DMP Component	Custom Target Value for Computer Science & AI
Preferred File Formats	Python/R scripts (.py, .R), JSON (hyperparameters), PT/ONNX (neural weights), CSV (benchmarks)
Metadata Schema Standard	CodeMeta schema, Schema.org definitions, Software Ontology (SWO)
Target Scientific Repositories	Zenodo (integrated with GitHub), Software Heritage, Figshare, and directory servers mapped in IEEE Xplore, ACM Digital Library & arXiv

3. Step-by-Step DMP Construction Protocol

When preparing your DMP for a DFG proposal, structure your document around these core sections:

Data Collection and Generation:
Describe the methodology, instrumentation, or software used to collect or generate new data. Detail quality assurance and quality control measures implemented at your facility.
Documentation and Metadata:
Explain how the data will be documented, including accompanying read-me files, data dictionaries, and laboratory notebooks. Specify the metadata standards to be utilized (using CodeMeta schema, Schema.org definitions, Software Ontology (SWO) as standard).
Ethics, Intellectual Property, and Consent:
Address how sensitive or confidential datasets will be handled. Detail anonymisation processes, access controls, and compliance with institutional ethics boards.
Storage, Backups, and Security:
State where data will be stored during active research. Detail automated backup schedules, server redundancies, and access authorisation protocols.
Long-Term Preservation and Archiving:
Select the digital repository for post-project archiving (such as Zenodo (integrated with GitHub), Software Heritage, Figshare, and directory servers mapped in IEEE Xplore, ACM Digital Library & arXiv). Confirm that the repository supports persistent identifiers (handles/DOIs) and provides secure preservation.

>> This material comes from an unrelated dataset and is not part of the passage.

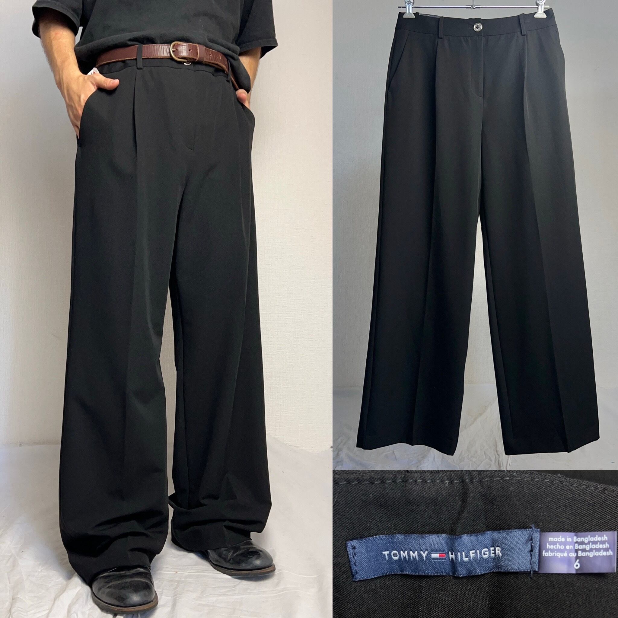 Tommy Hilfiger 1tuck "BAGGY" Slacks Black DEAD STOCK トミーヒルフィガー バギー スラックス ワイド 1タック極太 黒 ブラックW31.5 デッドストック【1000A4001】

Open Science Workflows, Data Curation & Repositories

Establishing a robust data management plan dmp for Computer Science & AI requires outlining rigorous data collection methods alongside established data curation standards from day one. PIs can leverage structured dmptool workflows to coordinate these data frameworks for review by Deutsche Forschungsgemeinschaft (German Research Foundation). Adhering to DFG requirements means detailing how raw files undergo data cleaning, how researchers verify ongoing data integrity, and which tools handle automated data wrangling. Additionally, a standardized data dictionary must be compiled to guarantee metadata clarity. For active storage, the proposal compares a relational data warehouse schema against an unstructured data lake model, reviewing the functional benefits of a data lake vs data warehouse environment for general data analysis and initial exploratory data analysis of study outputs. To ensure permanent access, datasets will be deposited in the dryad data repository, hosted as figshare datasets, or archived via a secure zenodo data upload, enabling inclusion in the data citation index and fulfilling standard nsf data management plan and local DFG requirements. To support replication, we will establish strict data versioning protocols on the open science framework osf to guide reproducible data sharing that follows fair data principles examples. When working with sensitive community records, the project will strictly observe the care data principles and indigenous data sovereignty care guidelines to guarantee ethical data stewardship in accordance with DFG rules. This explicit lifecycle structure meets the standard pre-requisites issued under DFG project management guidelines.

4. Frequently Asked Questions

Are we required to share all raw data from our research?

No, DFG policies generally recognise that some data cannot be shared publicly due to privacy, security, intellectual property, or commercialisation constraints. In such cases, your DMP must justify why certain datasets are restricted and describe how metadata will still be made discoverable.

Who owns the research data generated under this grant?

Data ownership is typically held by the host institution, subject to co-ownership clauses in collaborative projects. However, DFG guidelines require that data be made as openly available as possible under open licensing, such as Creative Commons or Open Data Commons.